Want the same for your business? Start by contacting the Paynt team today!
What keeps business owners awake at night? That’s right – the question of customer acquisition and retention. Every business’ goal is to attract more customers and/or sell them more of their products more often.
Payment options, alongside product pricing, fast delivery, and a friendly returns policy, play a critical role in customers’ decision-making process. What online buyers want is convenience at every step, including when it comes to the final step – paying for the goods.
People are different, and so are their preferences when it comes to how they transact online. And, obviously, everyone expects the retailer to offer the payment method they prefer and are familiar with.
What should retailers do to attract and retain their diverse pool of customers? The answer is – to offer a multitude of payment solutions. Because nowadays, it’s become a must in the war for the share of wallet. Accepting card payments is table stakes – you must do more to succeed.
In essence, omnichannel payment solutions are all about providing your customer with options to spend their money the way they want…so that they come back for more and recommend your business to their friends and family.
For one customer, the preferred payment method will be debit or credit card, cash on delivery, or bank transfer. Other customers might look for more advanced payment solutions – mobile wallets or digital currency payments. This means that a typical business needs to be ready to accept and process payments through a variety of channels.
Here, it’s also important to note that payment habits and preferences differ from country to country. For example, when shopping online, UK customers will most often reach for their debit or credit card, whereas Germans may choose to pay by bank transfer, Americans may use Venmo, and Chinese will pay with Alipay. Every geographical region has unique consumers who favor their own preferred payment solutions.
On top of this, the global landscape of online payments for businesses is ever-changing, with new players entering the market all the time.
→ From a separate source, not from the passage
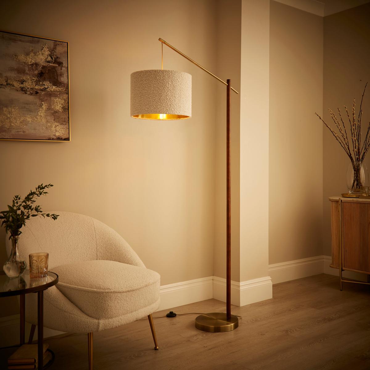 * Mid-Century Inspired* Boucle Shade* Rich-Coloured FSC Wooden Base* Extended Arm Extend your style with the Hazelle Boucle Wooden Floor Lamp. Featuring a luxurious boucle shade and a rich-coloured FSC wooden base with an extended arm, it's perfect to sit over a sofa or in the corner of the room – a true design statement.

So, now and always – your payment acceptance strategy will have to follow and adapt to the market you’re in.
Ultimately, you want to provide your customers with multiple payment options, while managing them under ”one roof” in order to have a 360-degree view of your customers’ payments. This can be done with Paynt, which also ensures bank-grade security for your business, including fraud detection. Secure online payment services also help customers feel more at ease.
First of all, make sure that your business supports both traditional payment solutions, such as card payments and bank transfers, as well as emerging payment methods, like Buy Now, Pay Later (BNPL).
BNPL, for example, is currently taking many developed countries by storm. From Klarna to Paypal and from Scalapay to Affirm, BNPL is the fastest-growing e-commerce payment method. Stats show that as much as one-third of UK adults have already used this payment option and its global market is forecast to grow to $419 billion by 2030.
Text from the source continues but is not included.